“Well here we are”. Sometimes my conversations with God sound a little like that. The whirlwind process of discerning God’s path for me has indeed taken a gloriously unexpected turn. Getting into the World Race South American Expedition has been one, long, incredulous look at the Father followed by the quiet submission, “well here goes nothing”. And truly- I’m stepping off of the cliff of my life experience in a short and painfully long 9 months. Someone pinch me. 

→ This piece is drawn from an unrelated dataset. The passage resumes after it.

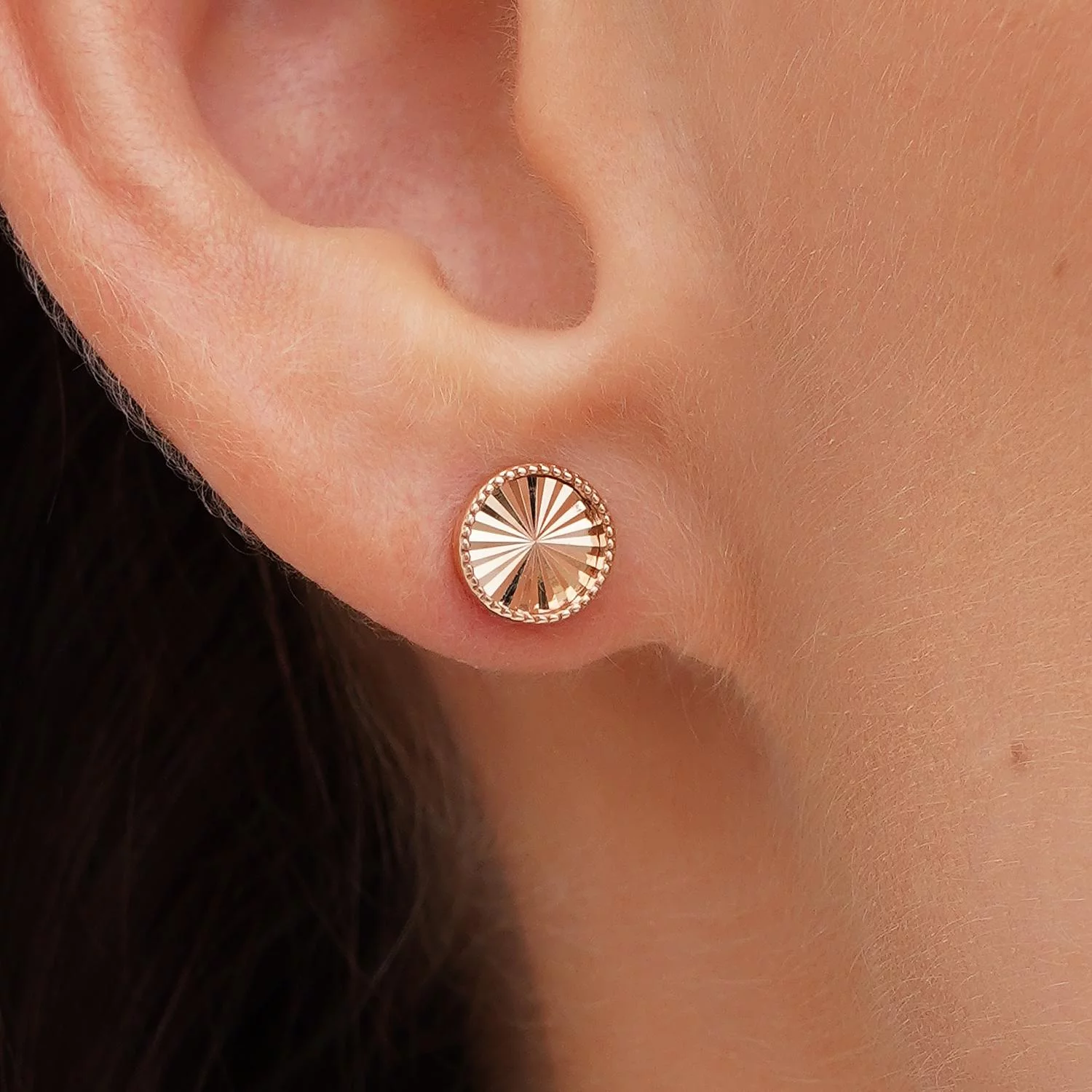 Сережки-гвоздики "Цветок" из комбинированного золота с алмазной гранью - 1918776
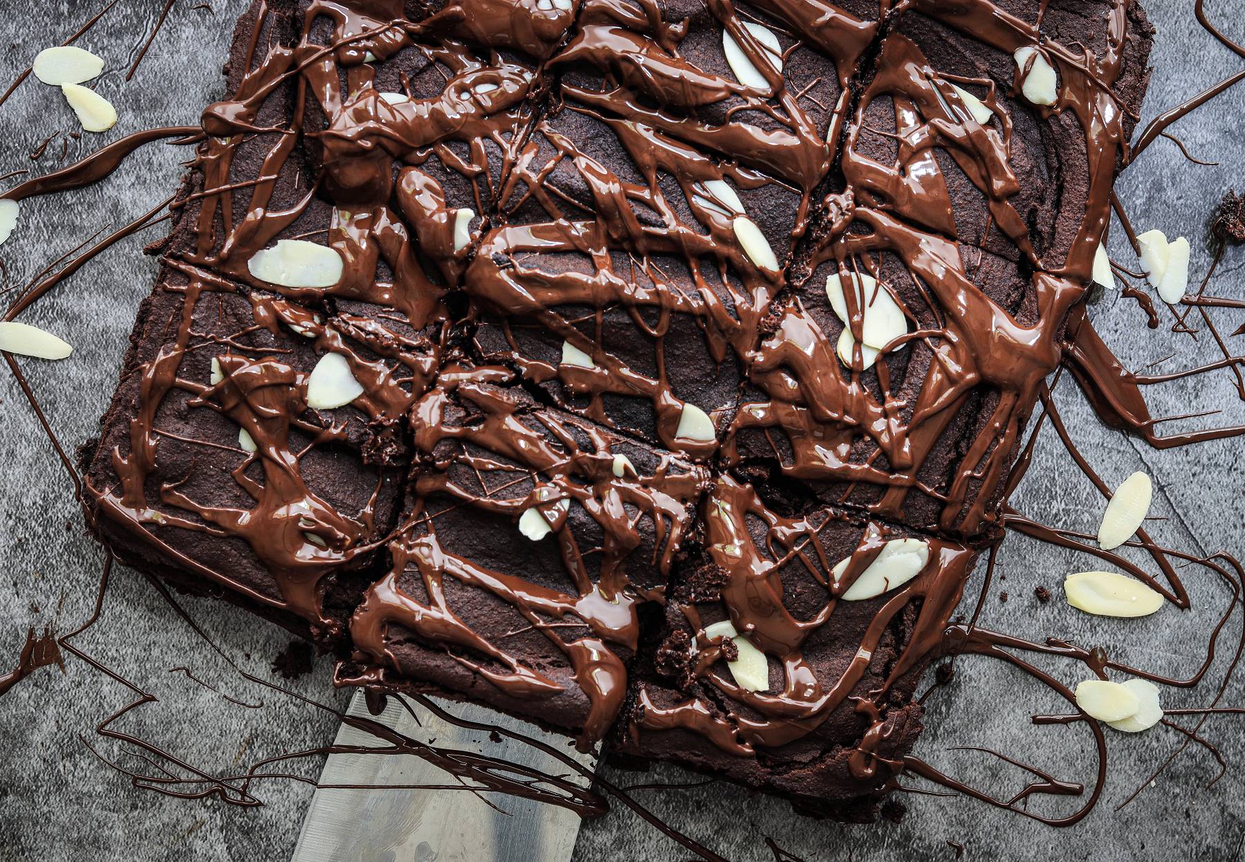 Gib die geschmolzene Schokolade auf den Teig und verteile abschließend ein paar Mandelplättchen darauf.

Here’s the honest truth- I had the honeymoon phase already. I’ve wanted to do long term mission since God started a little spark in my heart in High School. I’ve wanted this for as long as I can remember and now it’s finally real and exactly in His time. But then the reality clashes with the National Geographic photos you’ve memorized from Google Imaging “Iguazu Falls” for the billionth time. The reminders from your concerned relatives about fundraising and moving your life into your parent’s basement for a year start flooding in. And the looks. Don’t forget the looks. For anyone who’s ever done some crazy God-adventure, you know exactly what I’m talking about. It’s the “bless your heart” look. I’ve lived in Texas long enough to know that ‘bless your heart’ is the furthest thing from a positive vibe. 

So why am I traveling South America for a year? Why am I dropping my life and picking a new one? The answer is simple really: God gave me this crazy heart and, by golly, it’s going to follow it’s Creator wherever He leads, with or without me. So I go. 

Despite my fickle heart, God has been waiting patiently and tilling the ground so that I’d be ready for this leap. Looking back, it all makes so much sense now. It’s as if I had been wandering deep in the woods and He gave me a bird’s eye view. Way up there, South America is the easy answer to the desires I kept neatly on a shelf. It’s the consummation of the joy, suffering, and more often than not, the waiting. But He never promised me that it would be easy and back in the woods I must go. Now I wait and walk. But the mountain is up ahead in the distance and I was made to climb it. 

I know good and well that learning how to get every possession I’ll claim as my own in one pack and fundraising $17,000 are only a small fraction of the skills I’ll need to learn to be ready for the Race. I know the majority of the preparation will happen deep beneath the surface. I know is He’ll make me ready for the journey ahead. That’s enough for me for now. In the mean time, don’t be shy about sending prayers, donations, and encouragement my way. God knows, I wouldn’t be here without the support of the people who have blessed my life. I’d be equally blessed to bring you along for the ride. So, here goes nothing- to the mountain we go.